Moving Home with a Cat

coronavirus-business-woman-working-from-home-with her cat
Added on October 13th 2021

You might be looking forward to your move, your new home and that sweet mortgage deal you managed to bag, but your cat has no idea it’s about to happen and couldn’t care less about interest rates. Moving can be tough on pets, especially cats, which are very territorial creatures, so you’ll need to take extra care to make sure your chum has a smooth transition to its new turf.

Plan ahead – quite a way ahead

A week or so before moving day, create a safe space for your cat, complete with all of his or her usual things – litter tray, toys, feeding station, scratching post and bed – and let them get used to this new space. When moving day rolls around, your car should be quite content to spend the day in there while you get on with all the difficult stuff.

Feed your cat at least three hours before travelling so that it doesn’t get carsick on the way and make sure it’s well used to a travelling carrier case. More sensitive cats might prefer to go into a cattery for a couple of days either side of the move and this can work out well for everyone.

Whatever your plans are, it’s vital that your cat’s vaccinations and microchip information is up to date and that you’re already registered with a new vet.

Create another safe room on “the other side”

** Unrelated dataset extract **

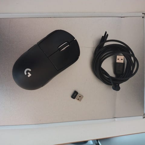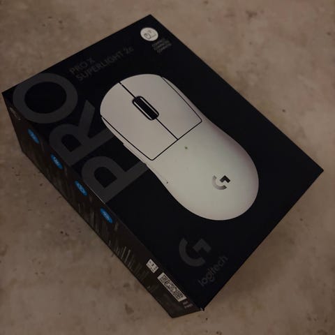 Logitech Pro X Superlight trådløs gamingmus i sort farve. Letvægtsdesign med høj præcision, optimeret til gamingbrug. Indeholder trådløs forbindelse med lav latenstid og lang batterilevetid. Leveres med USB-modtager, opladningskabel og brugervejledning.
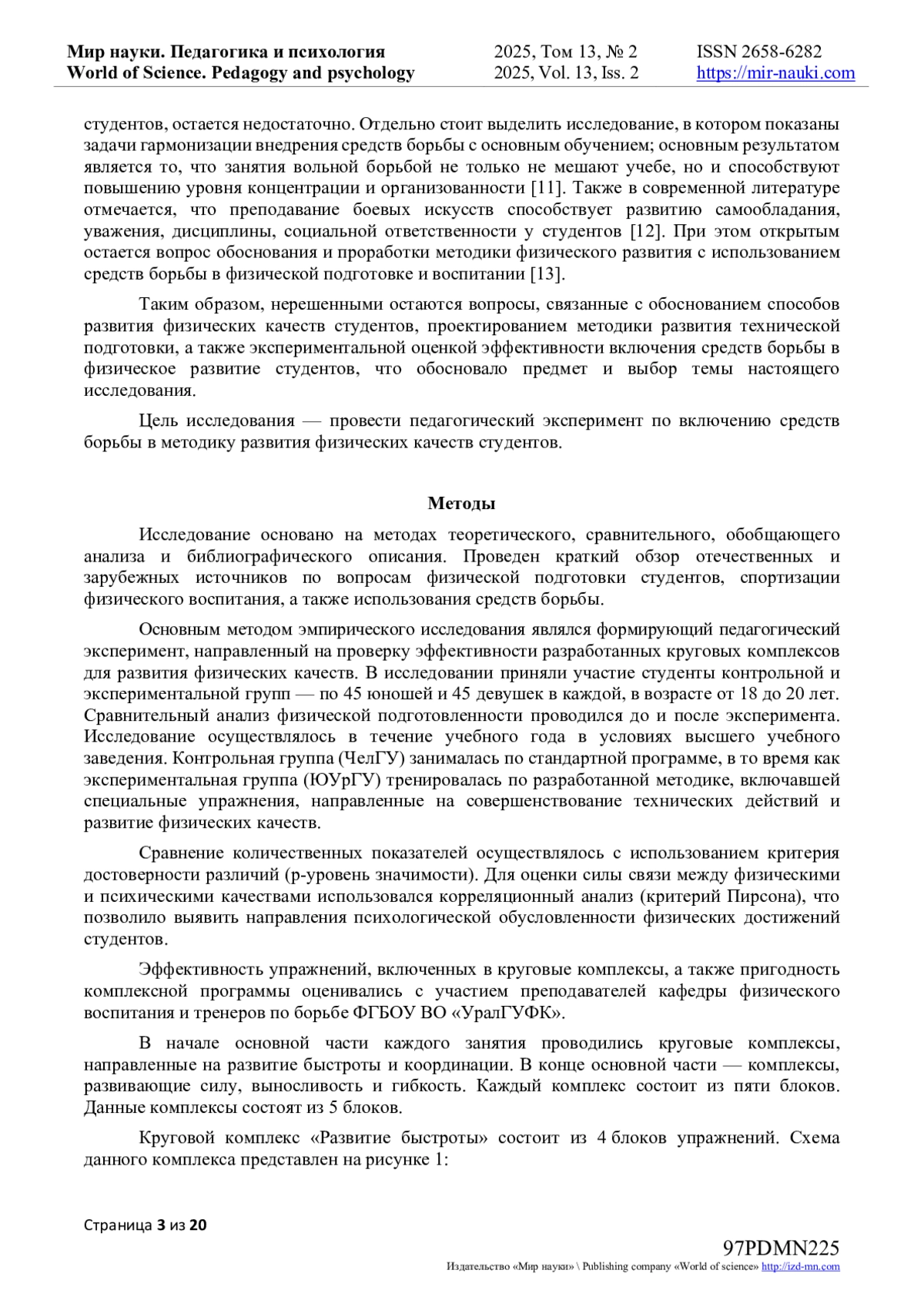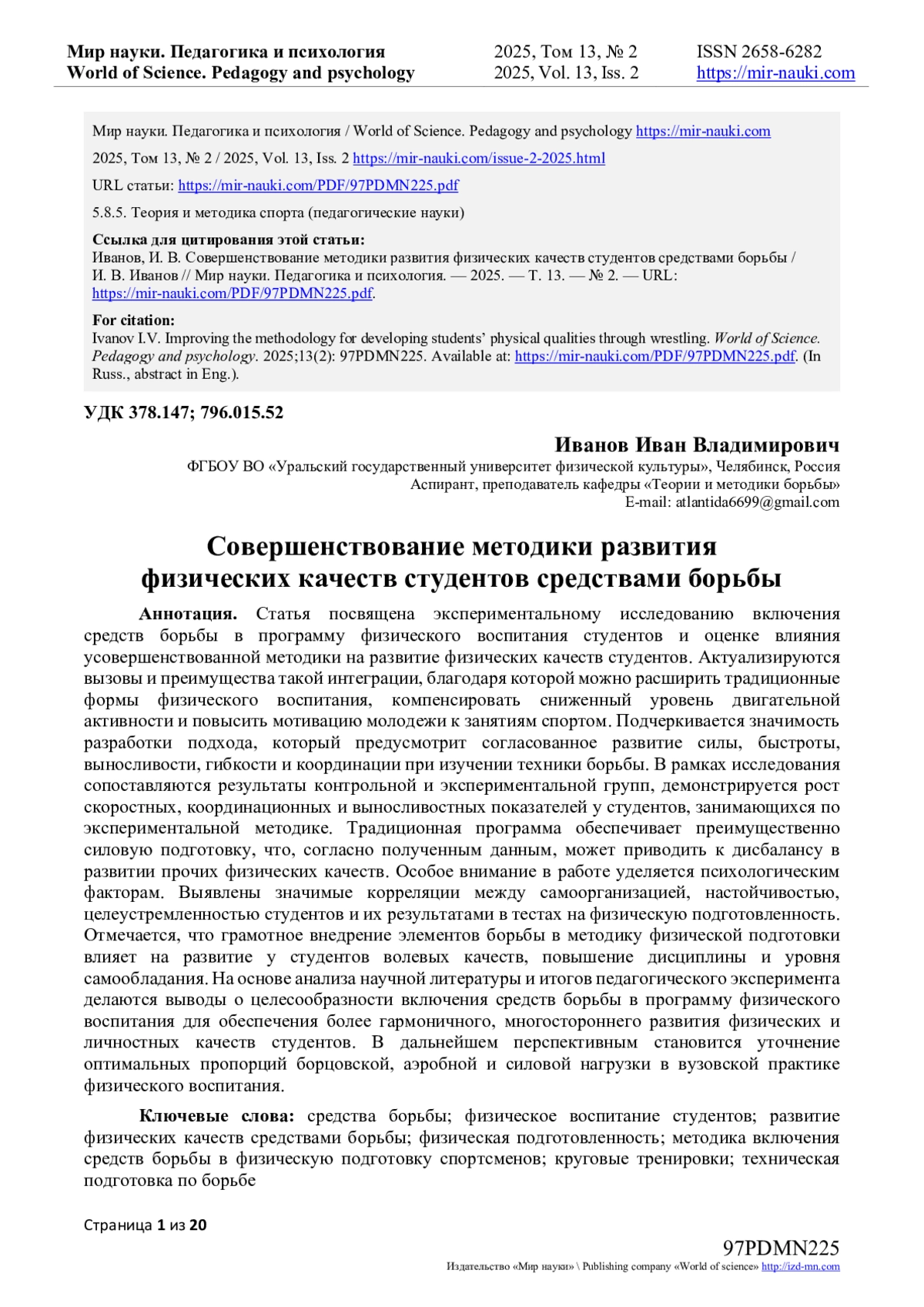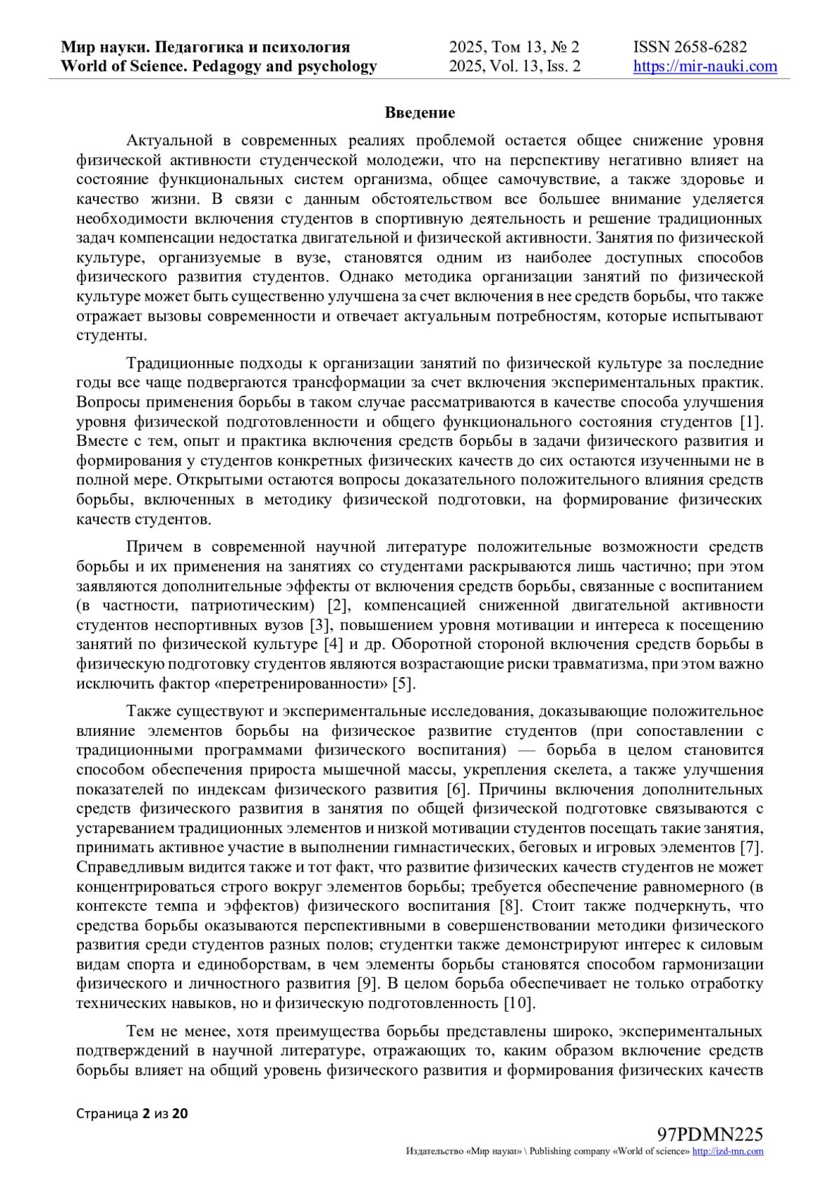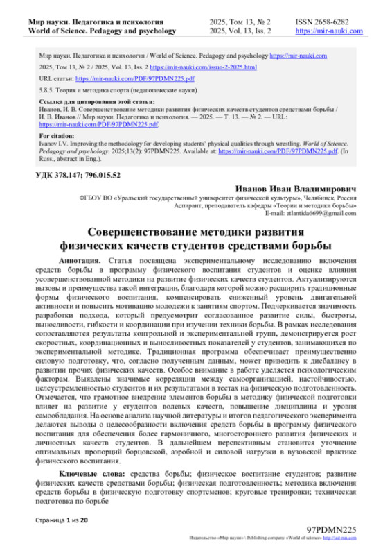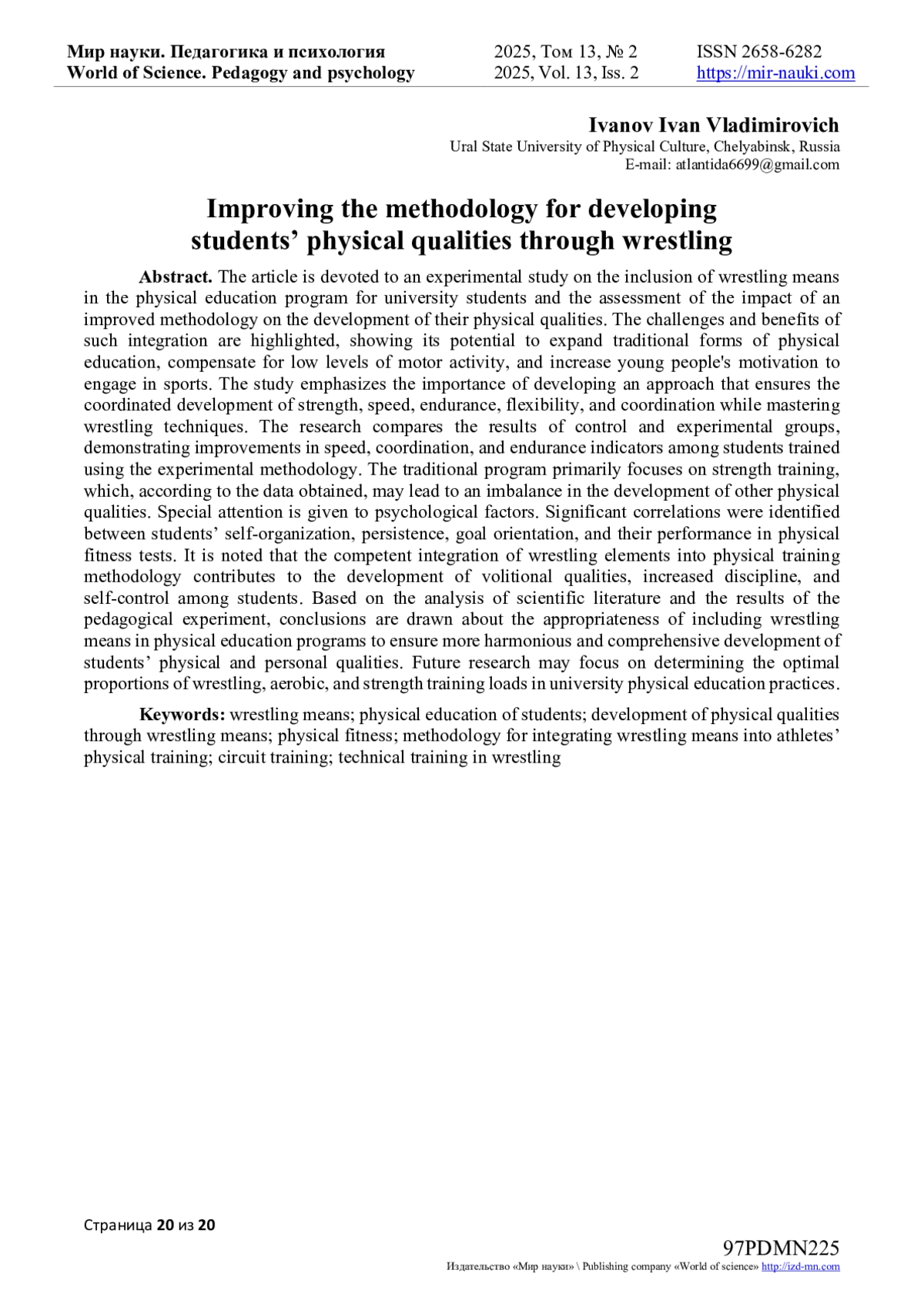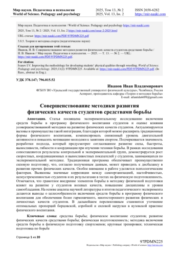 Статья посвящена экспериментальному исследованию включения средств борьбы в программу физического воспитания студентов и оценке влияния усовершенствованной методики на развитие физических качеств студентов. Актуализируются вызовы и преимущества такой интеграции, благодаря которой можно расширить традиционные формы физического воспитания, компенсировать сниженный уровень двигательной активности и повысить мотивацию молодежи к занятиям спортом. Подчеркивается значимость разработки подхода, который предусмотрит согласованное развитие силы, быстроты, выносливости, гибкости и координации при изучении техники борьбы. В рамках исследования сопоставляются результаты контрольной и экспериментальной групп, демонстрируется рост скоростных, координационных и выносливых показателей у студентов, занимающихся по экспериментальной методике. Традиционная программа обеспечивает преимущественно силовую подготовку, что, согласно полученным данным, может приводить к дисбалансу в развитии прочих физических качеств. Особое внимание в работе уделяется психологическим факторам. Выявлены значимые корреляции между самоорганизацией, настойчивостью, целеустремленностью студентов и их результатами в тестах на физическую подготовленность. Отмечается, что грамотное внедрение элементов борьбы в методику физической подготовки влияет на развитие у студентов волевых качеств, повышение дисциплины и уровня самообладания. На основе анализа научной литературы и итогов педагогического эксперимента делаются выводы о целесообразности включения средств борьбы в программу физического воспитания для обеспечения более гармоничного, многостороннего развития физических и личностных качеств студентов. В дальнейшем перспективным становится уточнение оптимальных пропорций борцовской, аэробной и силовой нагрузки в вузовской практике физического воспитания.

Your cat should have another little sanctuary in the new home so that it can settle in more easily. Find a quiet spot and furnish it with all the items you had in the old sanctuary. If possible, add a couple of hiding spaces – empty moving boxes will do – as well. The neighbourhood cats will almost certainly catch wind of the new arrival so these hidey-holes may come in handy if they start staring through the windows.

Use your scents

A really clever trick is to scent doors and skirting boards with your cat’s own natural smell. Wipe a clean cloth over your cat’s facial scent glands and then mark doorways, floors and so on with it so that the new house feels and smells familiar from the start.

Don’t rush things

It could take three weeks or so for your cat to make itself at home, so don’t rush this process, as it’ll add more stress for everyone. Sit with your cat for a while every day, but don’t force it to explore or join you on the sofa for your favourite TV show – let it move at its own pace.

Eventually, your cat will start to explore and scent mark the new home, which is a sign it’s settling in. Make sure all the doors and windows are shut securely even after this stage, however, as you need to be certain that your new home is “home”.

Your cat needs a calm but interesting environment

For the first few weeks, build a routine for your cat. Feed it regular but small meals and use feeding time as bonding time. If you can, avoid doing any noisy building or renovation work until you’re sure your cat has made itself at home.

You can help your cat to settle in by making the sanctuary as interesting as you can. As well as boxes and hiding places, bring in perches of different heights, toys and puzzle feeders to keep him or her occupied and engaged until the transition is complete.

The great outdoors beckons

Once the transition period – at least three weeks – is over, you can let your cat outside. One good trick is to let it out just before a meal so that it’ll want to come back in! Don’t chivvy or carry the cat out; let him or her decide whether to go out or not and stand in the doorway so it knows you’re there to help.
Just as you did in the indoor sanctuary, offer hiding places near to the door or cat-flap so that your cat can retreat to them if it feels overwhelmed or threatened. Start with short excursions – a few minutes – and build up the time until you’re all happy and confident about the new territory.